The report was published online July 25 in the Archives of Internal Medicine.

For the study, Paynter's team collected data on 24,674 women and 11,280 men who took part in the Women's Health Study and the Physician's Health Study II.

Both studies collected data on the participants' HbA1c levels. The men were followed for a median of 11.8 years and the women for 10.2 years, the researchers noted.

Over that period, 125 of the 685 women with type 2 diabetes had a heart attack or stroke as did 170 of the 563 diabetic men. Among participants without diabetes, 1,382 men and 666 women had cardiovascular events, the researchers reported.

By adding HbA1c test results to the patient data, which also included levels of cholesterol and C-reactive protein, the researchers said they were able to more accurately predict the risk of cardiovascular disease in the diabetic patients.

They found that 71.9 percent of diabetic women had less than a 20 percent risk of cardiovascular disease over 10 years, while only 24.5 percent of the men had a similarly low risk.

This difference may be partly explained by the increased risk for cardiovascular disease that accompanies age, and the delayed risk in women, the researchers said.
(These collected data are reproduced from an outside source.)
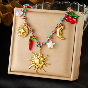 新しいクリエイティブファッションカラーロープネックレスステンレス鋼愛太陽幾何学的なシェルマルチ要素ペンダント電気メッキネックレス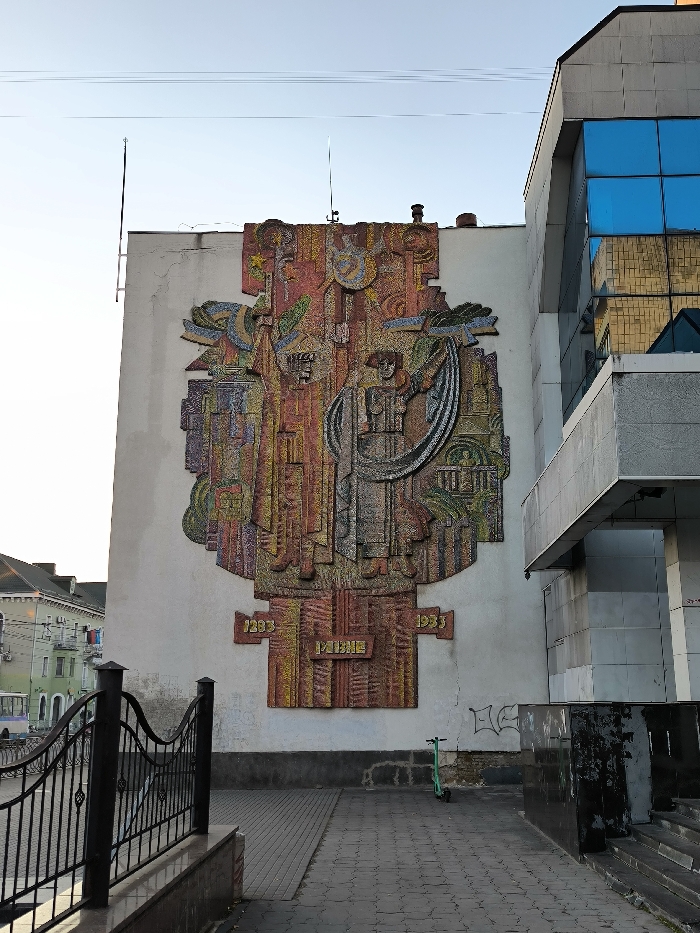 An exterior urban scene in Rivne, Ukraine, features a large, multi-colored mosaic affixed to a white building facade, under a clear, light blue sky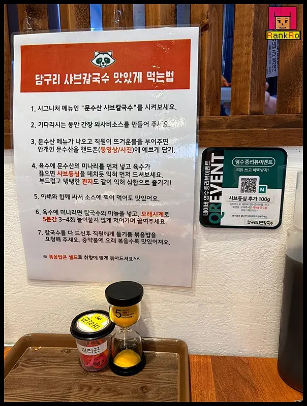 ▼ 각 테이블마다 담구리 샤브 칼국수를 맛있게 먹는법이 안내되어 있었어요. 김포 가볼 만한 곳으로 문수산과 대명항을 모티브로 만든 시그니처 메뉴 문수산 샤브 칼국수는 담구리의 대표메뉴로 먹는 방법이 자세하게 안내되어 있으며 영수증리뷰이벤트도 진행하고 있으니 참여해 보셔도 좋을 것 같네요. 사장님의 세심한 배려가 눈에 띄는 머리끈도 준비되어 있으며 칼국수를 끓일 때 사용하는 모래시계도 있어 칼국수를 알맞게 끓일 수 있었습니다.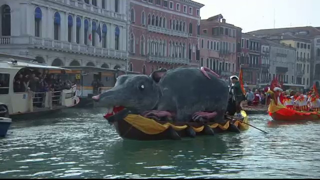 Parada ambarcaţiunilor de pe Marele Canal din Veneţia a fost deschisă de un şobolan uriaş - la fel ca în anii trecuţi. Este un animal care se regăseşte în legendele şi tradiţiile locale şi nu are legătură cu faptul că suntem în anul chinezesc al şobolanului.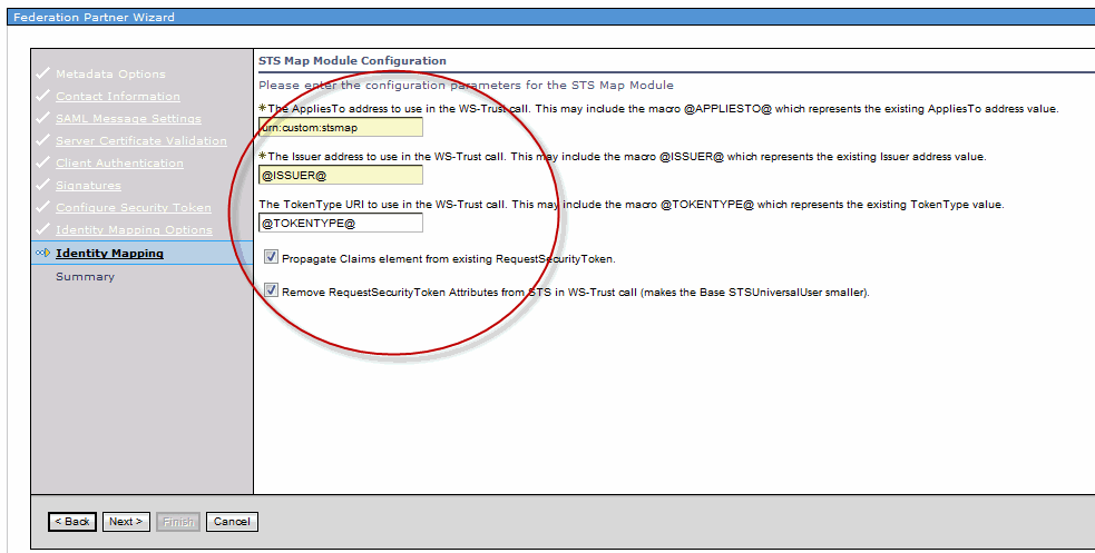 - The chain selection criteria (Issuer address, ApppliesTo address, etc) must match with the configuration you’ve performed for the STSMap module in the federation or partner configuration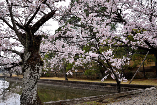© manabee, Obraz premium 日本庭園に咲く桜と池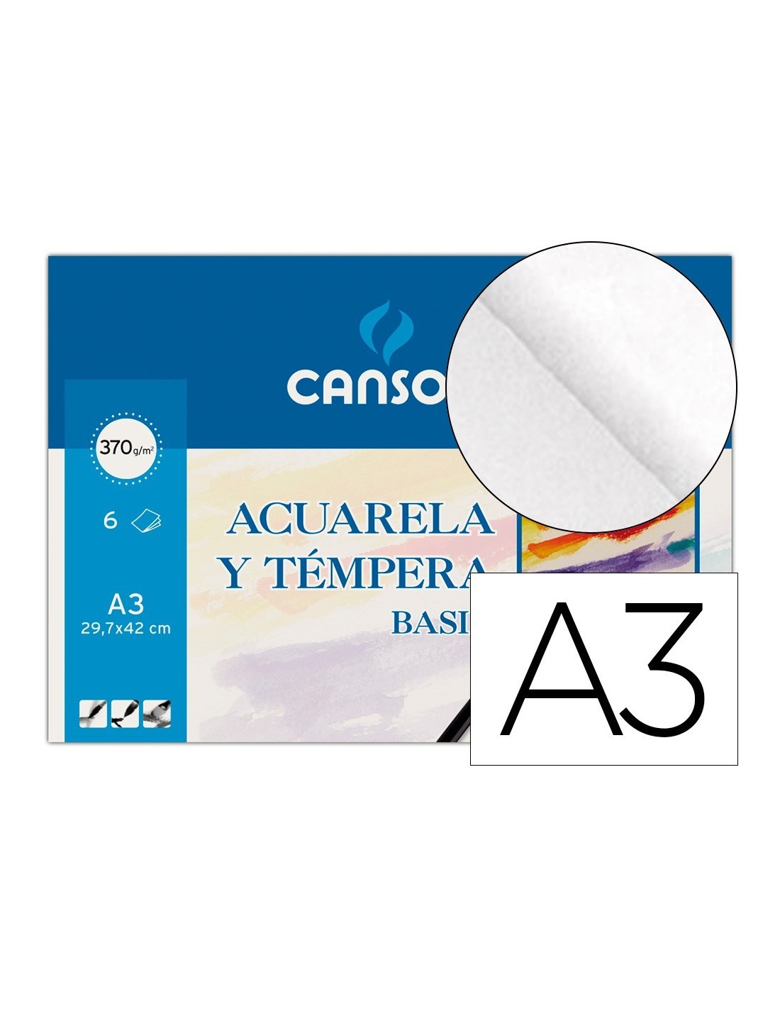 PAPEL ACUARELA BASIK CANSON DIN A3 370 GR PACK DE 6 HOJAS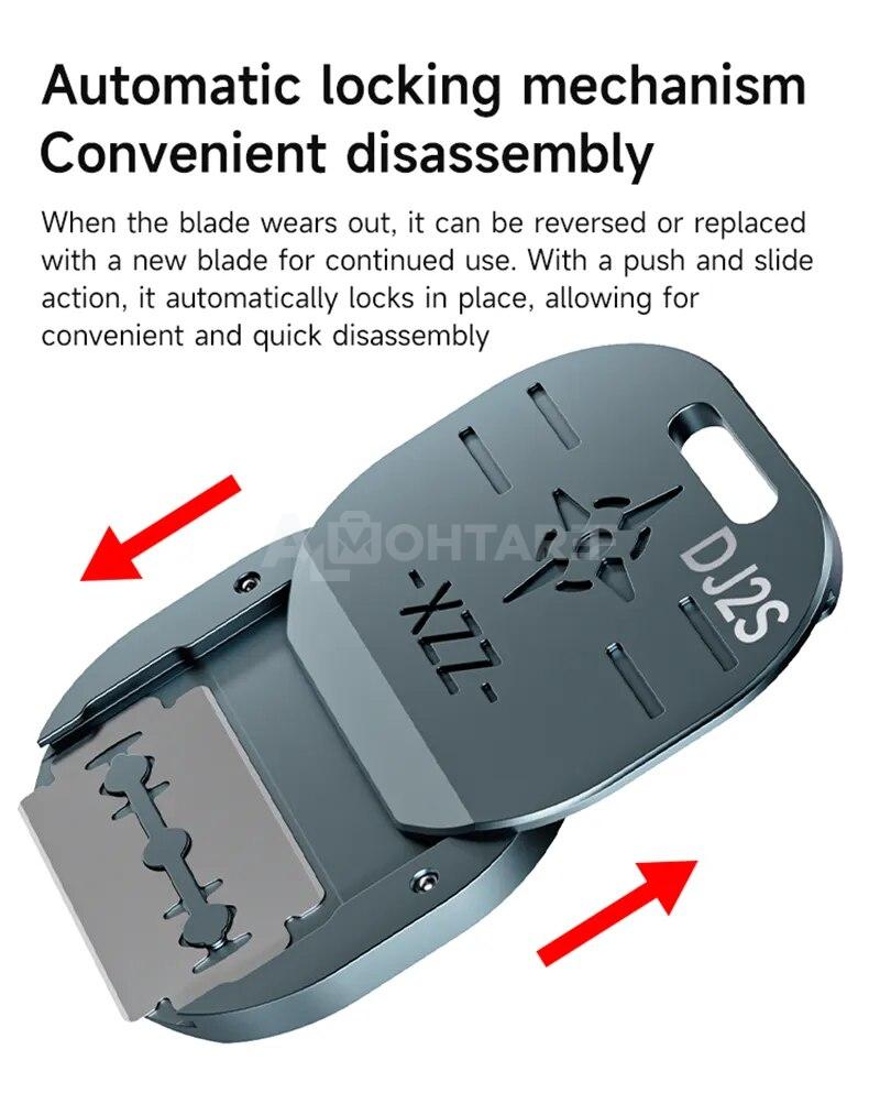 XZZ DJ2S is a professional fixture for mobile repair technicians, featuring dual-sided blades to facilitate the holding and lifting of sensitive covers like phone and tablet screens safely. Made from durable, heat-resistant materials, it allows precise opening of covers and sensitive components. Ideal for screen repairs, reducing the risk of scratches and breakage during disassembly.

Noting further research is needed to confirm the findings, they noted the prediction improvement was better in low-risk groups.

Paynter also said the test might help people without diabetes evaluate their cardiovascular risk.

Dr. Mark J. Pletcher, an associate professor of epidemiology at the University of California, San Francisco, and author of an accompanying journal editorial, doesn't think predicting individual risk of cardiovascular disease will change current treatment of diabetic patients.

"Even though the risk estimation may be more accurate, it still may be a better decision to put them on cholesterol-lowering drugs, because of long-term risk of heart disease," he said.

Pletcher said in his own clinical practice he will continue to treat diabetics aggressively.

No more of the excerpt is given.